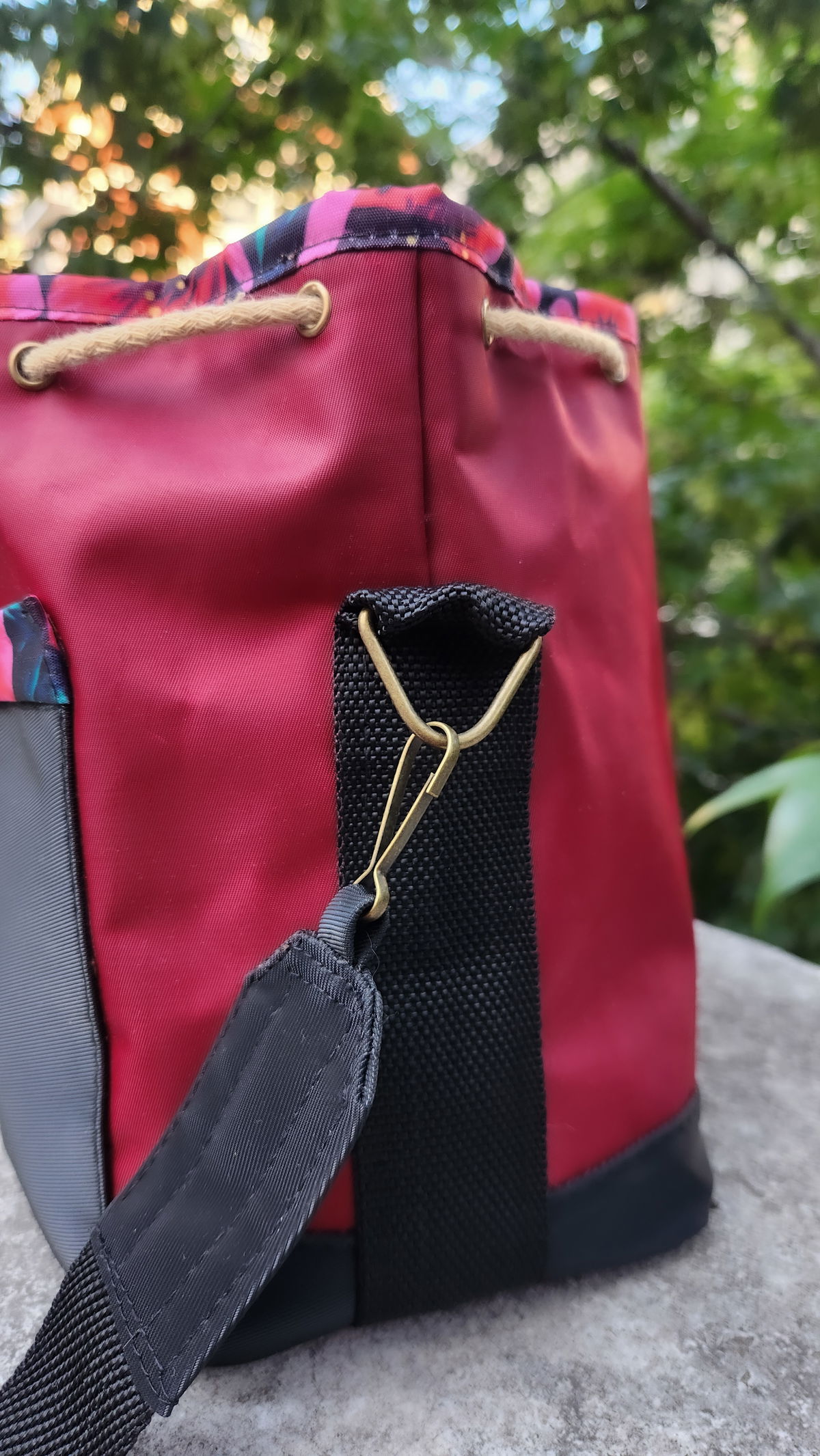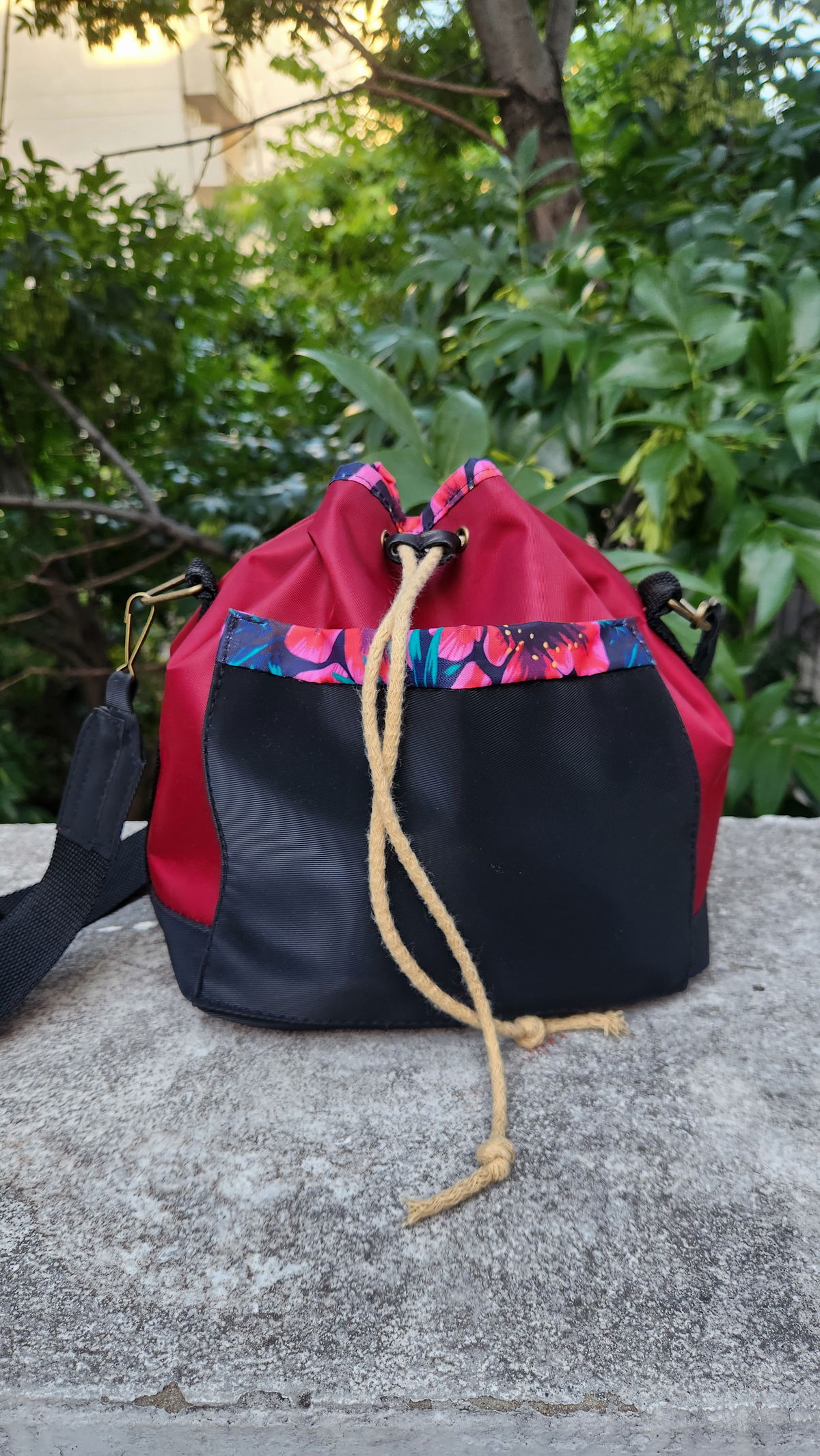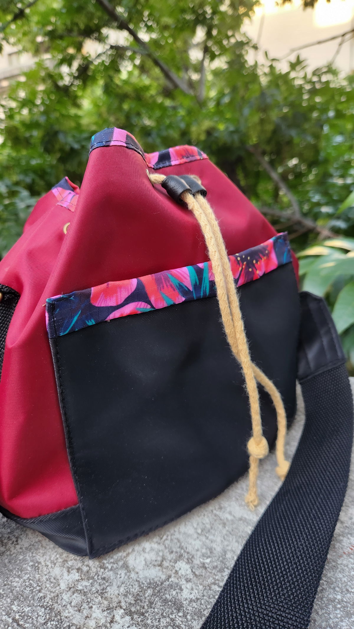 Confeccionada en material andorra con un acabado sedoso de alta calidad. Acentos Vibrantes: Los bordes presentan un motivo de flores vibrantes a tono que aportan energía y diseño al cuerpo del bolso.
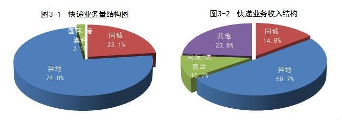 2017年,同城、異地、國際/港澳臺快遞業務量分別占全部快遞業務量的23.1%、74.8%和2.1%;業務收入分別占全部快遞收入的14.8%、50.7%和10.7%。與去年同期相比,同城快遞業務量的比重下降0.6個百分點,異地快遞業務量的比重上升0.5個百分點,國際/港澳臺業務量的比重上升0.1個百分點。
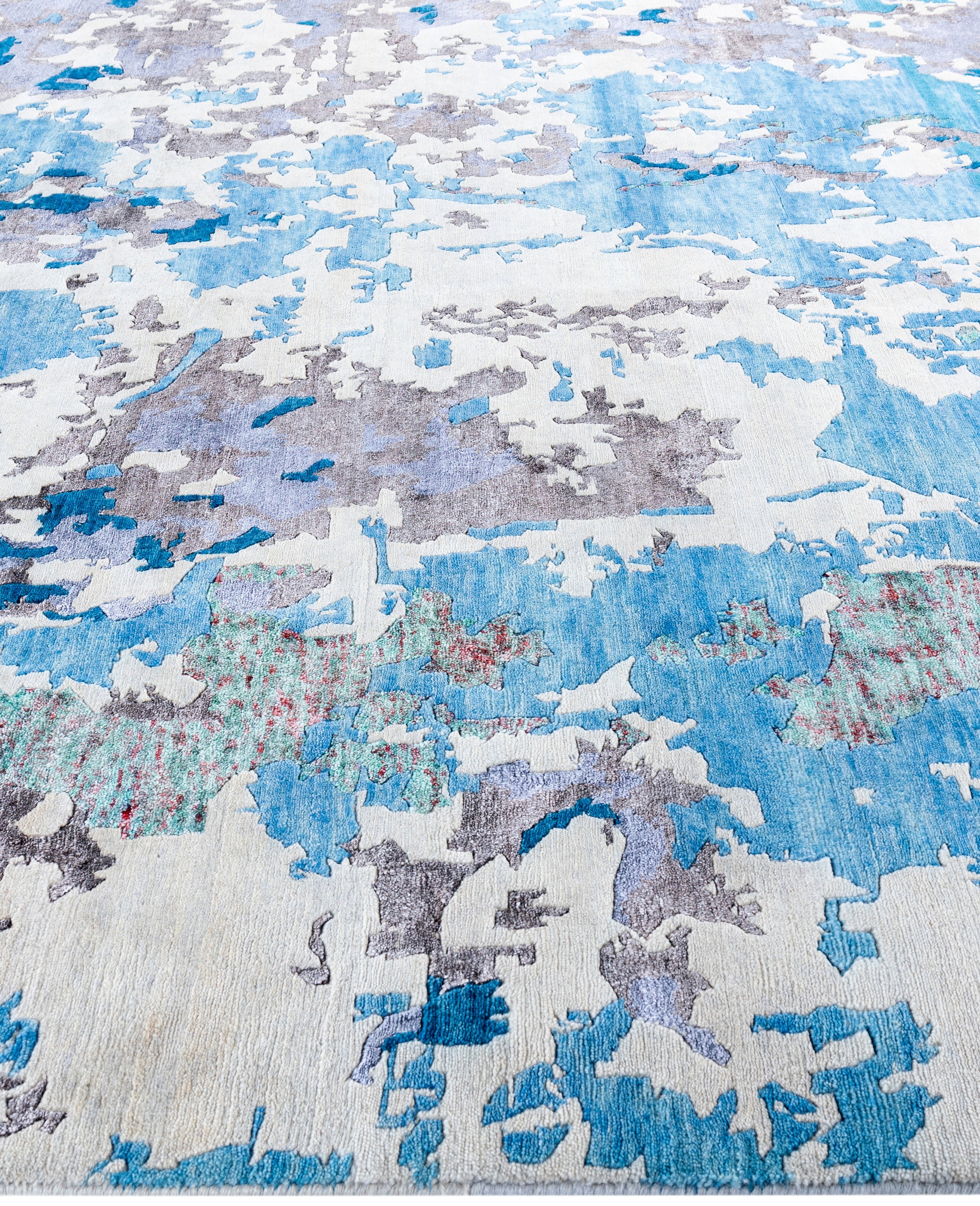 Contemporary Abstarct Wool, Silk Hand Knotted Beige Area Rug 8' 2" x 9' 10"
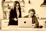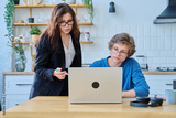 Teenage boy student with female mentor trainer teacher looking at laptop computer screen
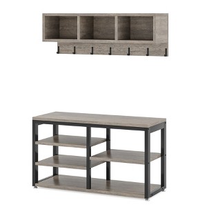Comes with 3 storage cubbies, top storage shelf, 7 hooks, shoe bench and 3-tier shoe rack, this entry shoe bench set will make you can effortlessly keep your entryway tidy and organized. Crafted from high grade particle board with environmental water-based finish that makes it resistance, durable and easy to clean. The bench legs made from solid metal ( 2×4cm width) which offers super stability and durability, the sturdy steel structure can withstand up to 90kg.
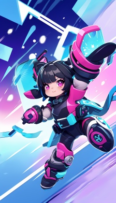 1girl,solo,game effects,pink background,
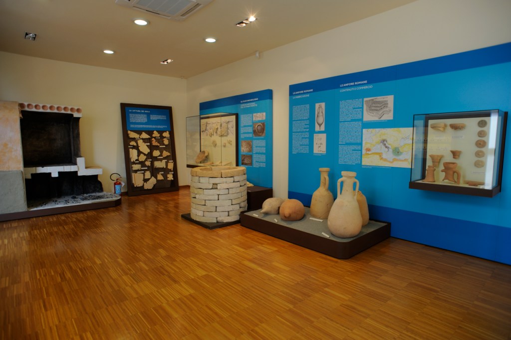 La sala azzurra si concentra sulle attività economiche, con la pregevole ricostruzione di un’antica fornace romana.
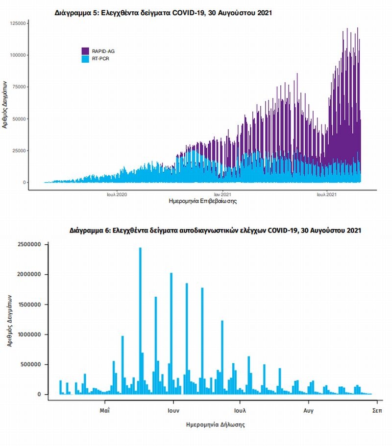 Αυτοδιαγνωστικοί έλεγχοι (Self-tests): Έως 29 Αυγούστου 2021, έχουν καταγραφεί ηλεκτρονικά 32.575.893 δηλώσεις αποτελέσματος αυτοδιαγνωστικού ελέγχου, ενώ 1.114.570 άτομα προσήλθαν για επανέλεγχο.
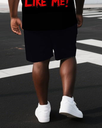 Men's Punk Fashion YOU'RE JUST A FREAK Back Lettering Print Short-Sleeve T-shirt Big & Tall Set
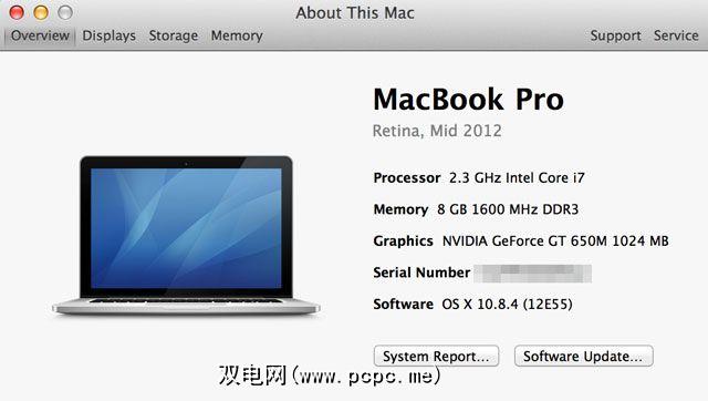 如果您有一台旧Mac,但是不确定它到底有多旧,则可以通过单击屏幕左上角的Apple徽标来找到,然后选择< em>关于本机并在出现的窗口中更多信息... 。出现的窗口还显示了型号(黑体,顶部),以及生产年份和基本硬件规格。
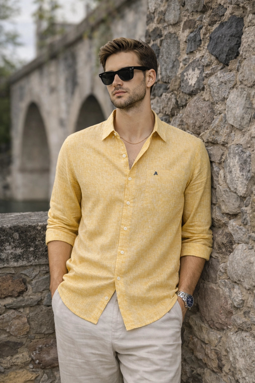 AMBER YELLOW CHAMBRAY REGULAR FIT LINEN SHIRTS
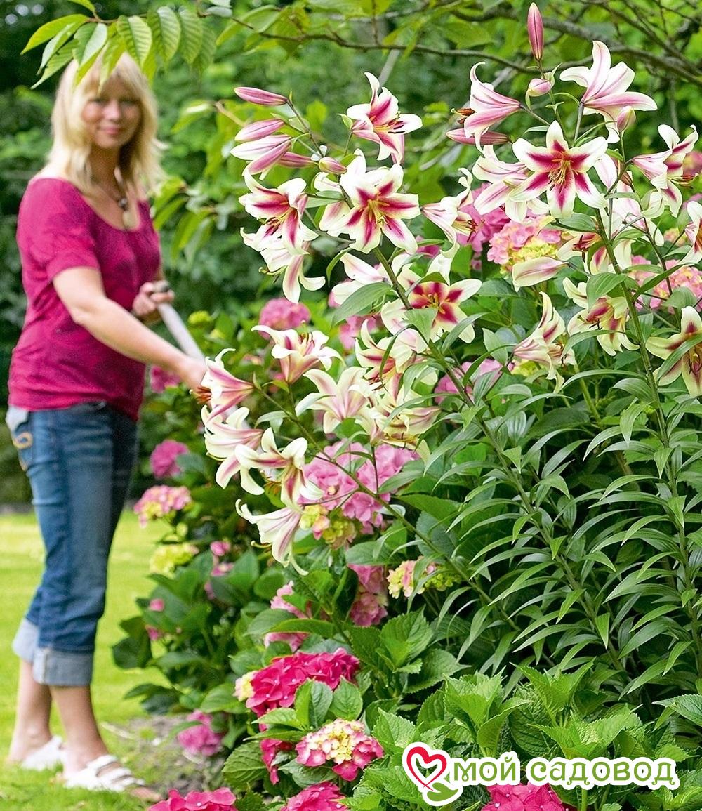 Уход за лилией: Пышных бутонов у лилий можно добиться, соблюдая обычные правила ухода: в первый год лилиям не нужна весенняя подкормка, удобрения вносятся разово за сезон, после цветения. Но это лишь в том случае, если перед посадкой вносилось удобрение. Перед началом цветения высокорослые сорта рекомендуется подвязать. После цветения засохшие бутоны удаляют. Полив умеренный: лучше не долить, чем перелить. Если цветок начал чахнуть и имеются подозрения на перелив – смешайте по столовой ложке речного песка и древесной золы, высыпьте под цветок и не поливайте ближайшую неделю. Полив лилии важно проводить под корень, старайтесь исключить попадание воды на листья, это провоцирует ожоги на солнце и распространение грибковых заболеваний.
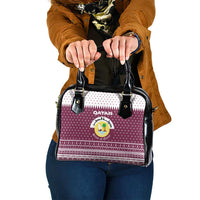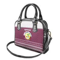 Qatar Christmas Shoulder Handbag with Maroon-White Design, National Emblem, and Camel Motif
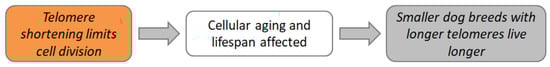 Figure 7. Telomere shortening influences aging, with smaller dogs having longer telomeres and a longer lifespan.
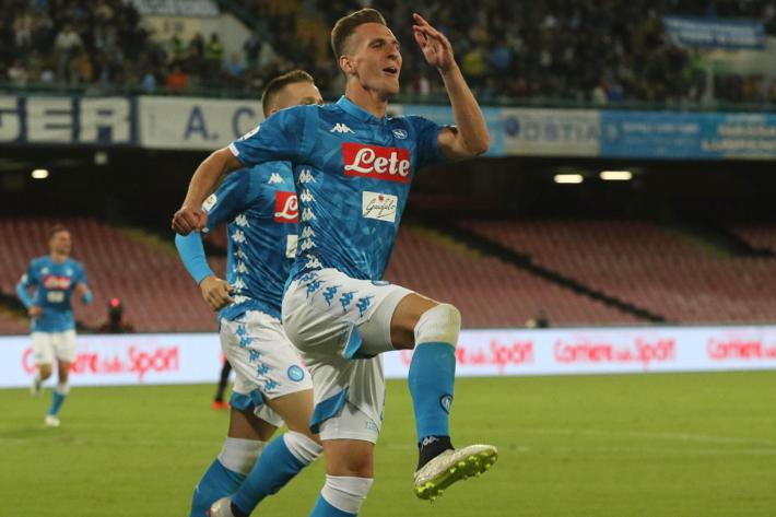 47' Gran gol di Milik: lanciato al limite del fuorigioco, al limite dell'area di interno collo mette alle spalle di Sepe
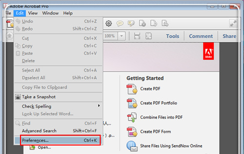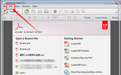 2.进入Adobe reader之后,点击上方的“编辑”(edit),进入比那几选项。这里是英文版,若你的是简体中文的,这里给你进行了汉语的命令,按照操作即可。
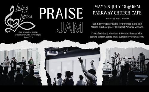 Join us at Parkway Church Cafe for a relaxed, Spirit-filled evening of praise THIS FRIDAY @ 6pm. Food and beverages will be available for purchase at the Parkway Church Cafe, with all proceeds supporting Parkway Missions!
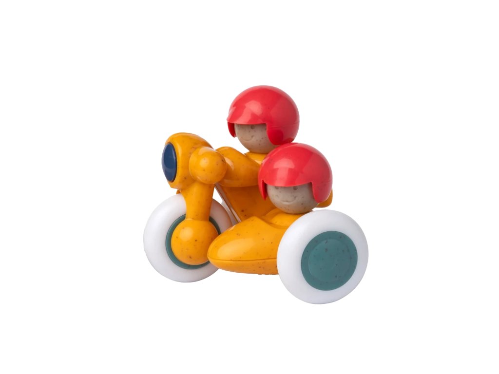 Tolo Motorka Sidecar je farebná a veselá hračka, ktorá sa jednoducho ovláda. Kolesá aj hlavy jazdcov sa dajú otáčať, čo trénuje zručnosť dieťatka a rozvíja motoriku. Hračka je vyrobená z materiálu bezpečného na vkladanie do úst pri prerezávaní zúbkov.
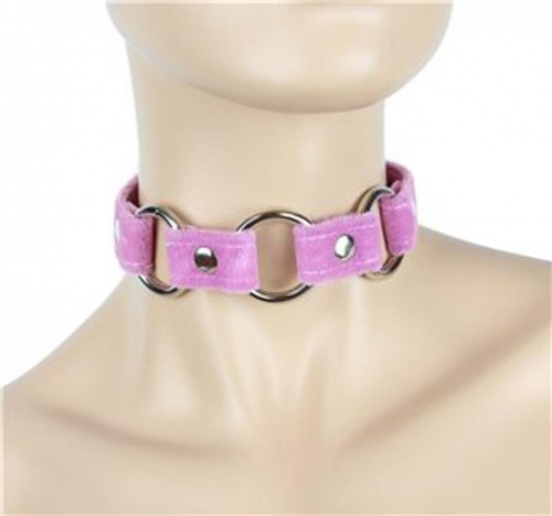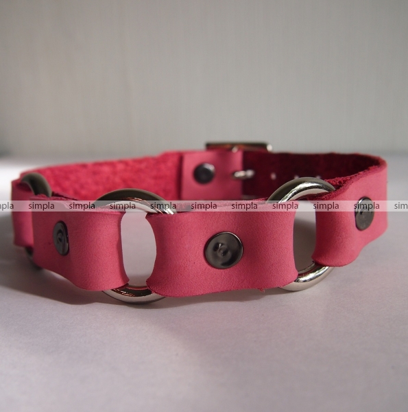 Чокер из мягкой розовой натуральной кожи, декорированный металлическими кольцами. Общая длина чокера 37 см, ширина 1,8 см.
════
• _Task item_:
Exact repetition is required for the lines from the first one in the listing through the one that holds "Teenage boy student", and pictures are to be omitted.

• _Exercise output_:
 Confeccionada en material andorra con un acabado sedoso de alta calidad. Acentos Vibrantes: Los bordes presentan un motivo de flores vibrantes a tono que aportan energía y diseño al cuerpo del bolso.
 2017年,同城、異地、國際/港澳臺快遞業務量分別占全部快遞業務量的23.1%、74.8%和2.1%;業務收入分別占全部快遞收入的14.8%、50.7%和10.7%。與去年同期相比,同城快遞業務量的比重下降0.6個百分點,異地快遞業務量的比重上升0.5個百分點,國際/港澳臺業務量的比重上升0.1個百分點。
 Contemporary Abstarct Wool, Silk Hand Knotted Beige Area Rug 8' 2" x 9' 10"
 Teenage boy student with female mentor trainer teacher looking at laptop computer screen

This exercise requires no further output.